Regardless, there are several common reasons why a solver like lsqnonlin will fail.
- You have an error in how you formulated the code. I can't even try to check that, as we lack your data to test it. (This seems a fairly simple ODE, so that is probably not the issue.)
- Your model simply does not fit your data. Is your data poor? Is it highly noisy? (Nonlinear least squares has a problem with high residuals (so in the presence of outliers and serious noise.) Is it not even consistent with the model you have posed? We cannot know.
- You have provided poor starting values for the solver. This is a common error, and i would be terribly surprised if the vector [2 2 2 2] is even close to being good starting values.
- Is ODE45 not convergent for this system? It is not at all uncommon to see a solver like ODE45 fail for biological or biochemical problems, since they are often stiff systems. (I would note the presence of a constant like 10^6 in one of the equations. That to me would strongly suggest the possibility of a stiff system.) ODE45 may easily be diverging for some sets of parameter values. You MIGHT try one of the stiff solvers. Let me say it differently - I would NEVER suggest using ODE45 as the default solver for bio(anything) problems.
With some time, I could probably suggest at least a couple of other failure modes.
Walter Roberson
on 23 Feb 2023
0 votes
Your code is incorrect. You have a shared variable "i" that you increment each time t>10*u and you use i to select coefficients.
Your assumption in that code is that t never decreases.
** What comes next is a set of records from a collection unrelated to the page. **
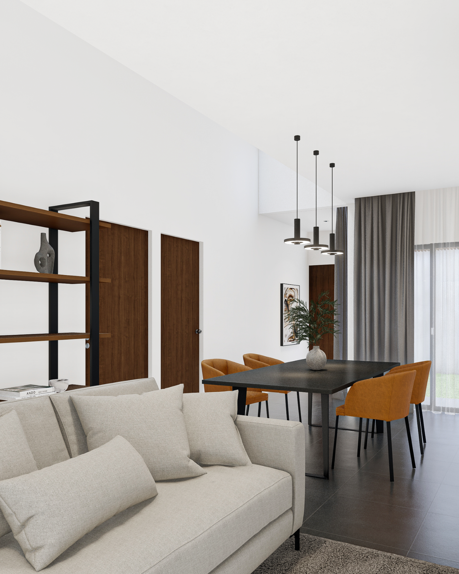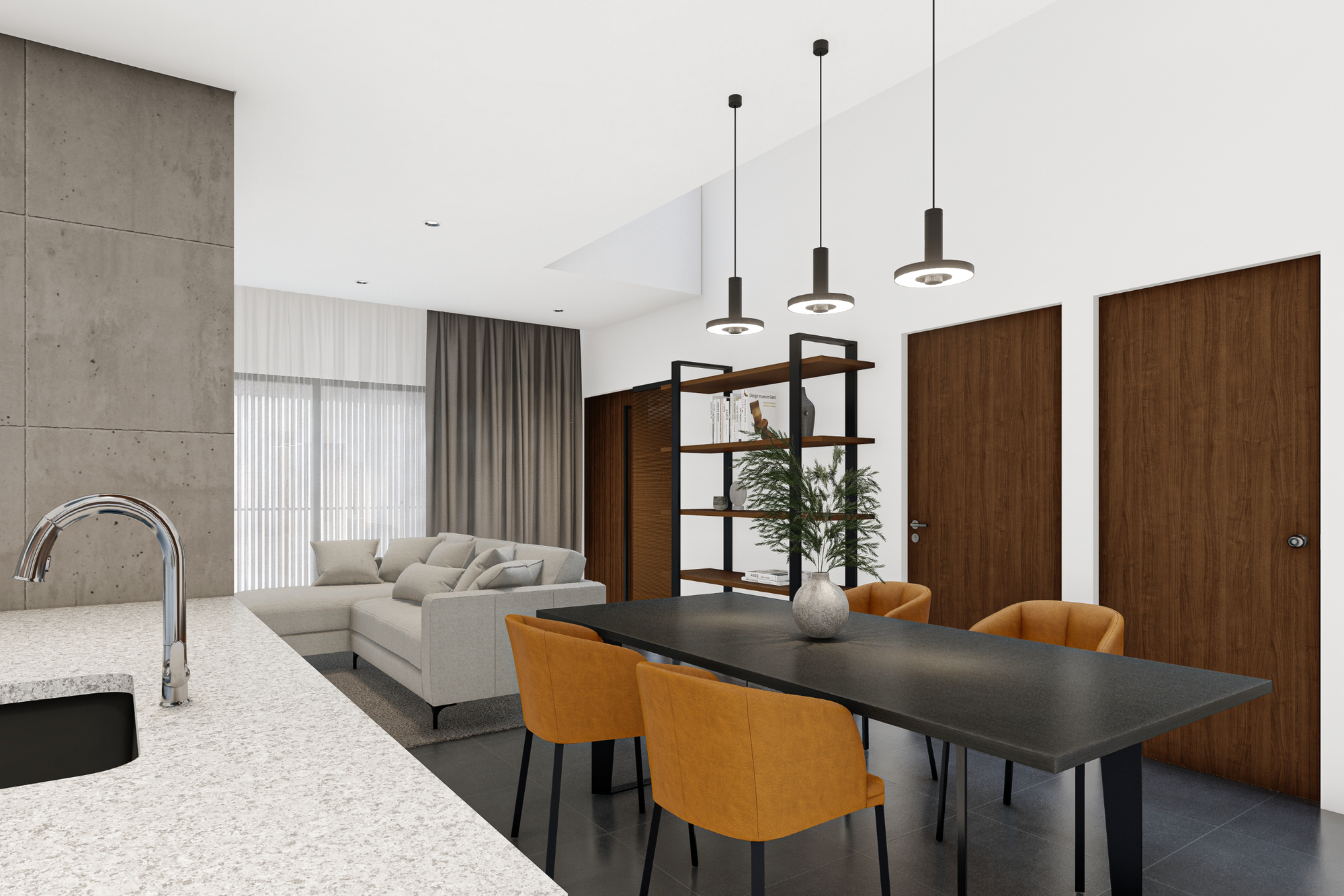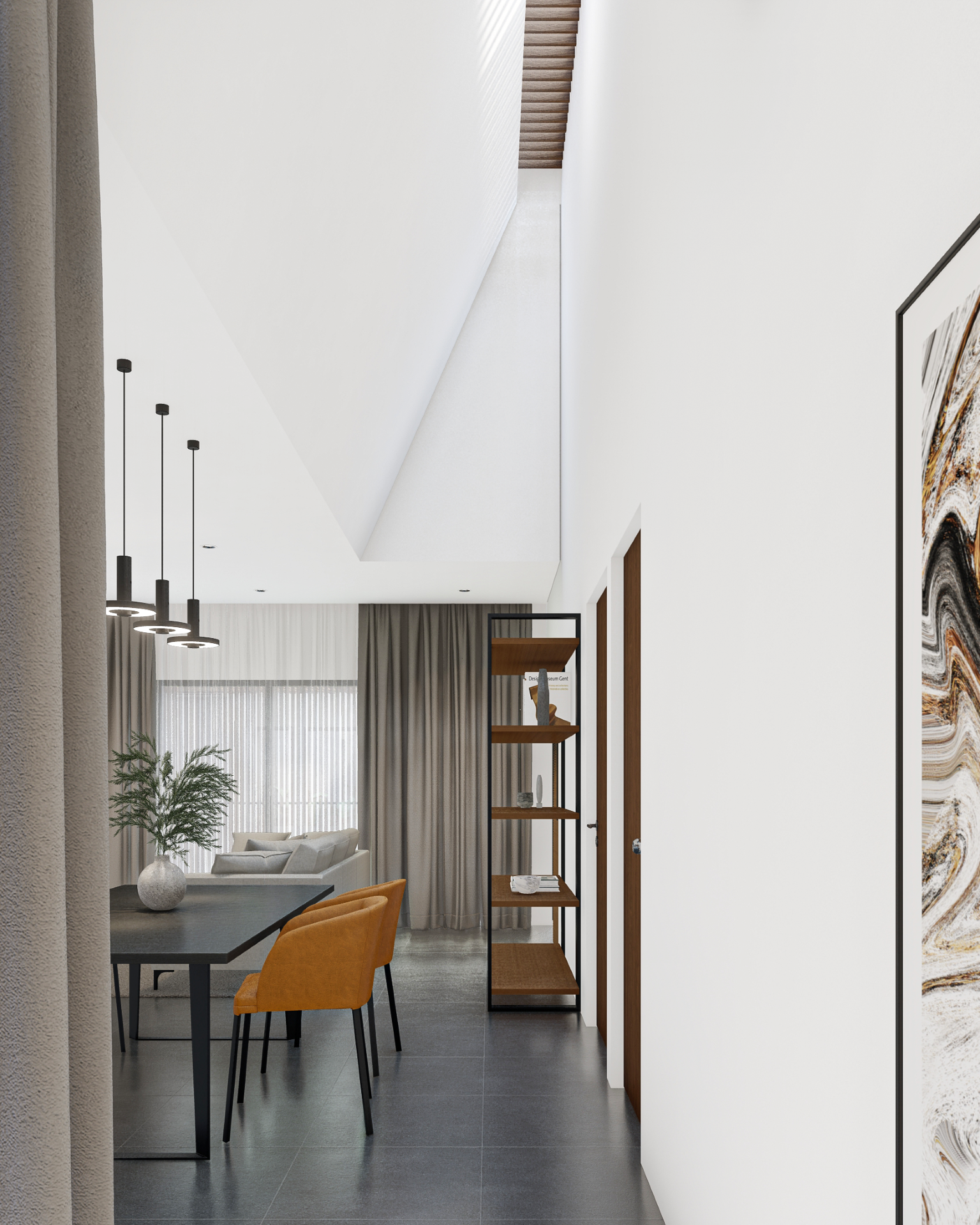 Proyek hunian ini dirancang sebagai jawaban atas kebutuhan rumah tinggal kontemporer yang mampu menghadirkan ketenangan di tengah konteks lingkungan urban. Arsitektur bangunan menampilkan ekspresi yang tenang, tertutup, dan terkendali dari luar, namun perlahan membuka diri ketika penggunanya memasuki ruang dalam. Pendekatan ini menciptakan kontras antara fasad yang bersifat protektif dengan interior yang hangat dan terang.
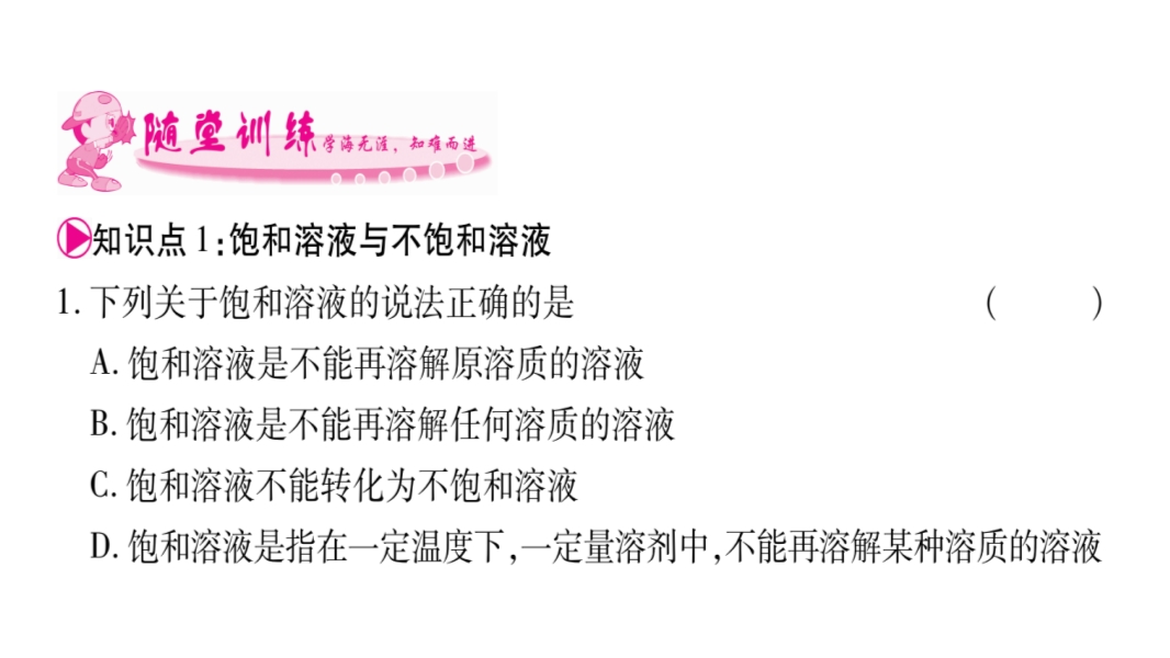 2018年人教版九年级化学下册《第九单元课题2 溶解度》习题课件(35张PPT)
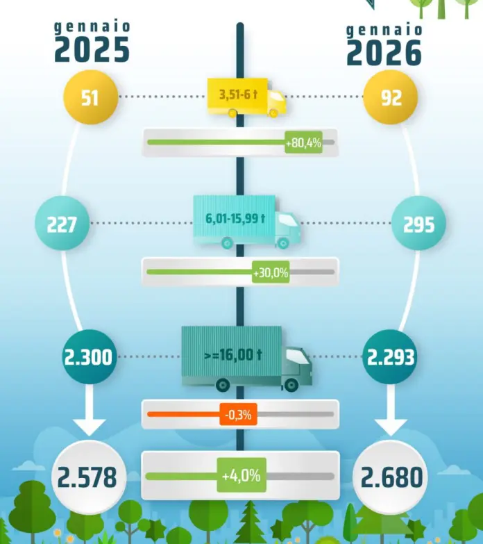 ROMA (ITALPRESS) – Nel mese di gennaio, il mercato dei veicoli industriali chiude con un avanzo del 4,0%, con 2.680 immatricolazioni rispetto alle 2.578 registrate nel 2025. Il segmento dei veicoli pesanti, con massa pari o superiore a 16 t, risulta sostanzialmente stabile, segnando il -0,3% su base mensile.
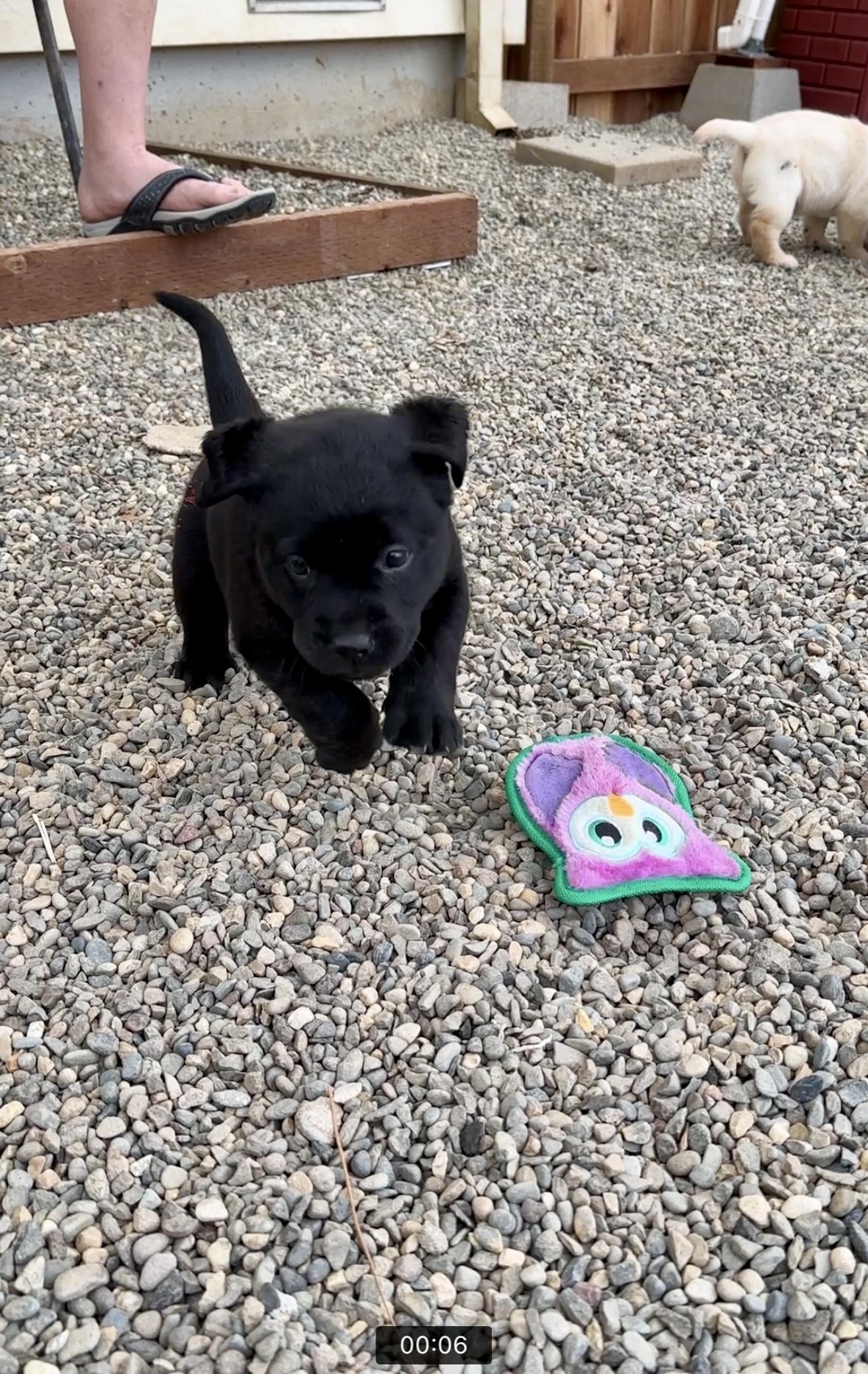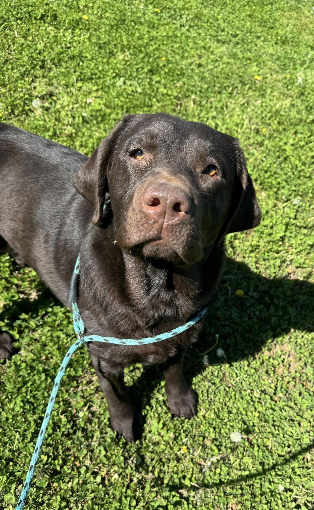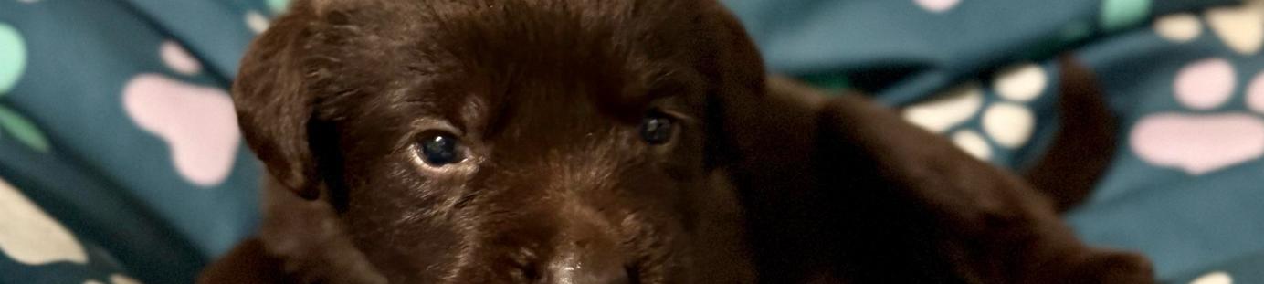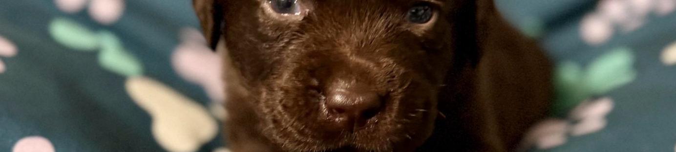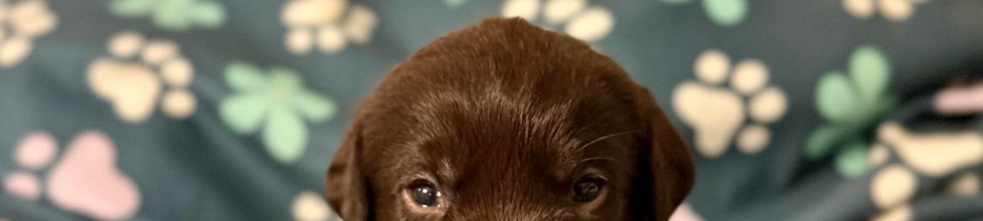 Bean is our lovely chocolate girl that we waited YEARS for. She has a lot of the characteristics we look for in service dog work. She learns crazy fast. She will watch me do a training session with another dog and try to mimic what they are doing for rewards. She is both food motivated and really wants to make her person happy. This is a fantastic combo we hope she passes to her puppies. Her hobbies include wrestling with her housemates, bathing in the water buckers, and bringing me anything she can fit in her mouth. Bean and a VERY mellow girl and is one of the easiest puppies I have ever raised.

That is an incorrect assumption for ode45. ode45 deliberately probes to longer and longer time frames until it encounters a place where the slope is too steep to match the time frame, and then it retreats backwards to shorter time frames a bit at a time until it gets to a time frame that the approximations are good enough for. This is not an exception condition that "seldom" happens: ode45 deliberately runs up the time increment until it fails. It is like seeing how fast you can go in Mario cart but deliberately speeding up on the curve until you run off the track and then restarting using a slower maximum speed, only to deliberately speed up again after you pass that point.
1 Comment
Walter Roberson
on 23 Feb 2023
You are reading the file once for each call to insulin_prediction and once for each call to ODE within that. That is a lot of unnecessary reading of the file. See http://www.mathworks.com/help/matlab/math/parameterizing-functions.html
If your basal_insulin is sampling a continuous function that can be usefully approximated by a piecewise quadratic, then you should use interp1() with 'spline' . However, if basal_insulin is sampling impulses (such as injections) then you need to stop the ode*() call at each abrupt change and restart it. The ode*() functions rely on the second derivatives of your provided function being continuous during any one call to ode*(), and will give wrong answers (or an error message) if they are not.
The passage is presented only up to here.